Discovery site	Keck and Subaru telescopes
Discovery date	July 1, 2005
Detection method	Radial velocity
Orbital characteristics
Semi-major axis	0.042 AU
Eccentricity	(fixed) 0
Orbital period	2.8758882 ± 0.0000061 d ^[1]
Longitude of periastron	-
Time of periastron	2,453,530.751 (transit time) JD
Semi-amplitude	43.2 ± 2.6 m/s
Physical characteristics
Mean radius	0.725 ± 0.03 R_J
Mass	0.36 ± 0.03 M_J
Temperature	2300 ± 200 K^[2]

HD 149026 b, is a transiting extrasolar planet orbiting the star HD 149026. It is notable for the presence of an exceptionally large planetary core suggested by measurements of its radius and mass.

1 Discovery
2 Characteristics
3 Theoretical consequences
4 See also
5 References
6 External links

[edit] Discovery

The planet was discovered by the N2K Consortium in 2005, which searches stars for closely orbiting giant planets similar to 51 Pegasi b using the highly successful radial velocity method. The spectrum of the star was studied from the Keck and Subaru Telescopes. After the planet was first detected from the Doppler effect it caused in the light of the host star, it was studied for transits at the Fairborn Observatory. A tiny decrease of light (0.003 magnitudes) was detected every time the planet was transiting the star, thus confirming its existence. ^[3]

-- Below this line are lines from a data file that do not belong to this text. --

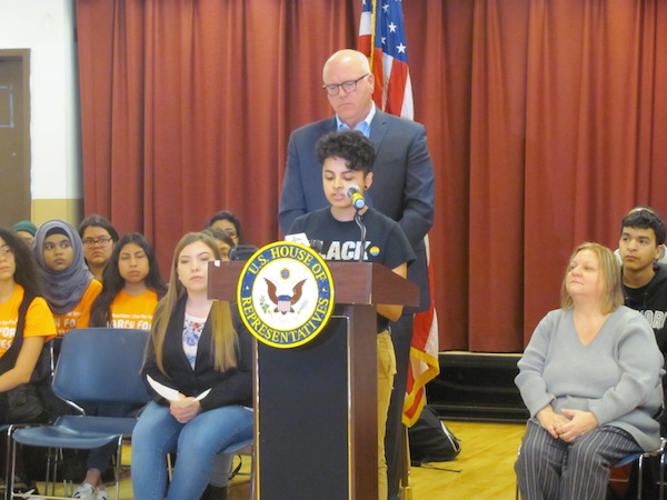 U.S. Rep. and House Democratic Caucus Chairman Joe Crowley (D-Sunnyside, Astoria, College Point, East Elmhurst, Jackson Heights, Corona, Woodside, The Bronx) came to the Renaissance Charter School in Jackson Heights today to join students in advocating for Congressional action on gun violence one month after the fatal shooting in Parkland, Florida.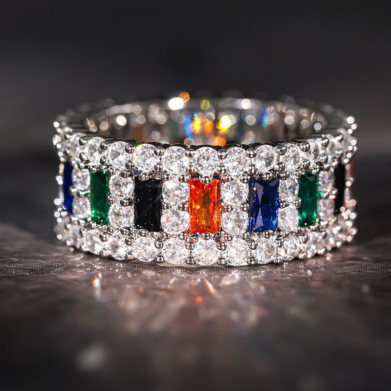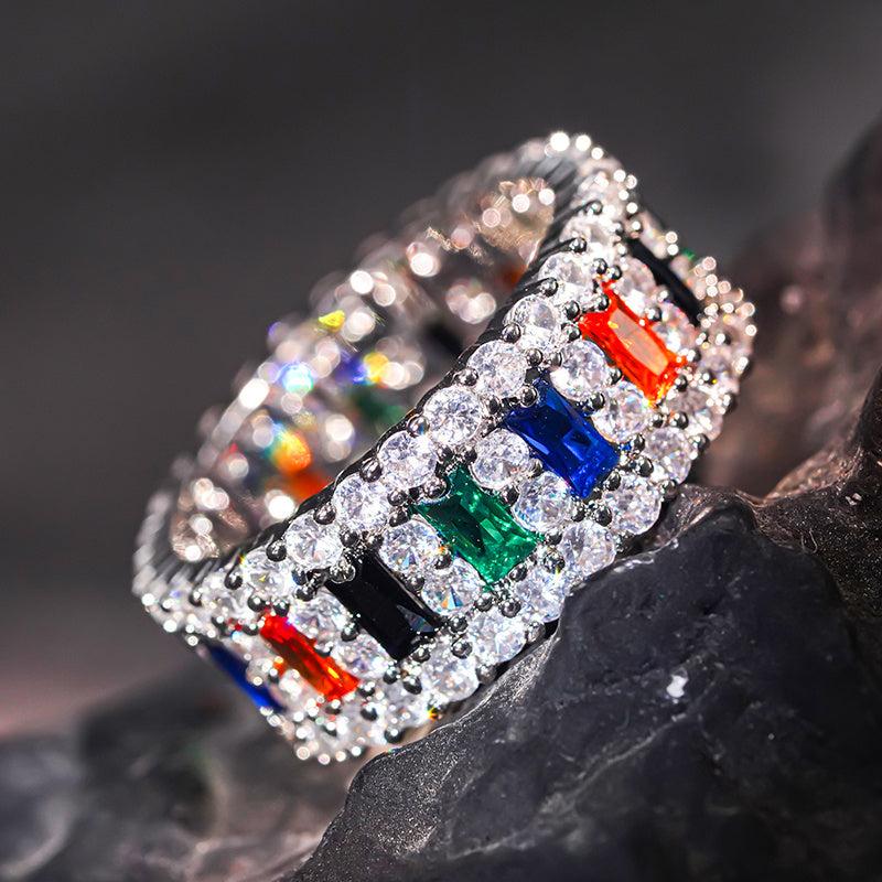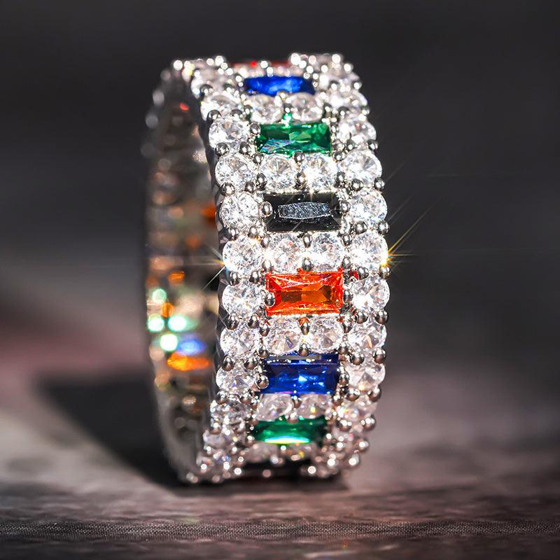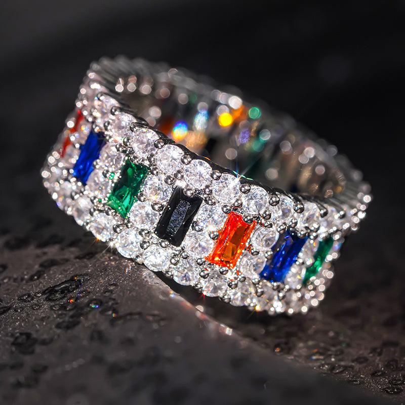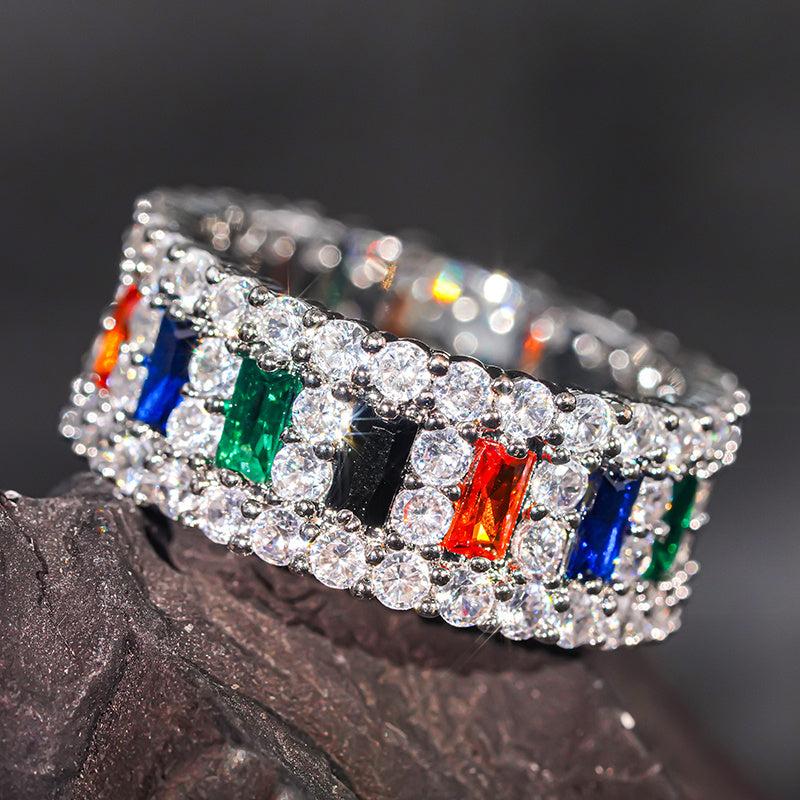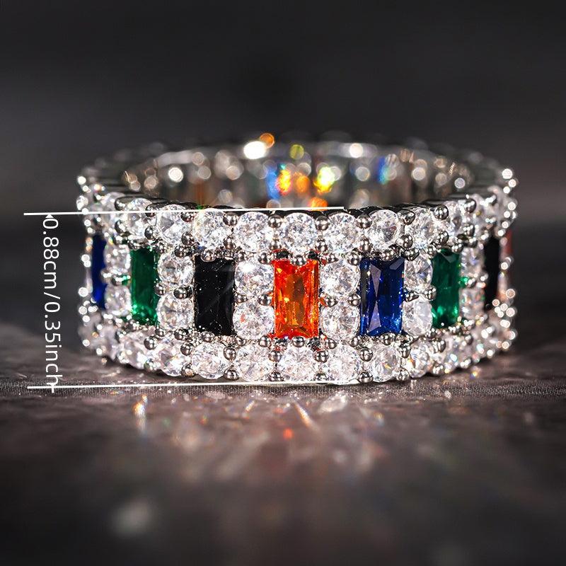 Add a pop of color and sparkle to your look with this colorful zirconia wide band ring. Perfect for weddings, daily wear, vacations, and parties.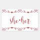She Her in Red Fancy Doodles Rectangular Sticker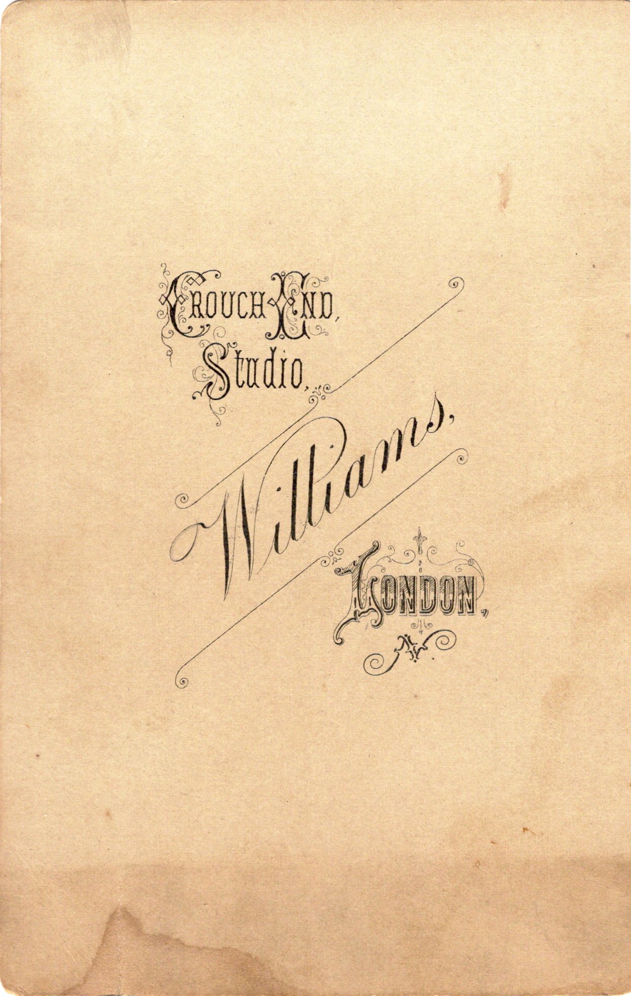 A pretty young woman wearing a sailor dress poses with a boat oar, rope, and life preserver at the Williams studio in Crouch End, England. Hopefully, she didn’t get her hair wet because her hair is so long that it might take decades to dry. This nautical minded subject appears to be standing on the steps outside a building, though it is possible that she is actually inside a studio in front of a terrific backdrop. Crouch End is five miles outside of London. SOLD

Although the change of brightness caused by the transiting planet is tiny, it is detectable by amateur astronomers, providing an opportunity for amateurs to make important astronomical contributions. Indeed, one amateur astronomer, Ron Bissinger, actually detected a partial transit a day before the discovery was published. ^[4]

[edit] Characteristics

Comparison of the inner core of the extrasolar planet HD 149026b and Jupiter

The planet orbits the star in a so-called "torch orbit". One revolution around the star takes only a little less than three Earth days to complete. The planet is less massive than Jupiter (0.36 times Jupiter's mass, or 114 times Earth's mass) but more massive than Saturn. The temperature of the planet was initially estimated to be about 1540 K based on a reasonable albedo value of 0.3, making the planet a borderline case between the Class IV and Class V planets in the Sudarsky classification scheme.^[3] Its day-side brightness temperature was subsequently directly measured as 2,300 ± 200 K by comparing the combined emissions of star and planet at 8 μm wavelength before and during a transit event. This extremely high temperature indicates that the planet must absorb essentially all of the starlight that falls on it, making it unusually dark in color.^[2]^[5]

There are a number of such "hot Saturns", but HD 149026 b is so far unique. It has been described as a "hell planet", being charcoal black in color and a burnt magma hue in starlight^{[citation needed]}. Surface temperatures are above the boiling point of lead. Most transiting planets have radii comparable to Jupiter's or more; however, the radius of HD 149026 b is only about 73% that of Jupiter (or 83% that of Saturn), meaning that the planet is unexpectedly dense for a gas giant of its mass. It may have an exceptionally large core composed of elements heavier than hydrogen and helium.^[3] Theoretical models give the core a mass of 70 times Earth's mass. In fact, the planet may have more rocky^{[citation needed]} and metallic material^{[citation needed]} than all the planets in our Solar system combined.^{[citation needed]}

Robert Naeye speculated that the gravity could be as high as ten g (ten times gravity on Earth's surface) on the surface of the core.^[6]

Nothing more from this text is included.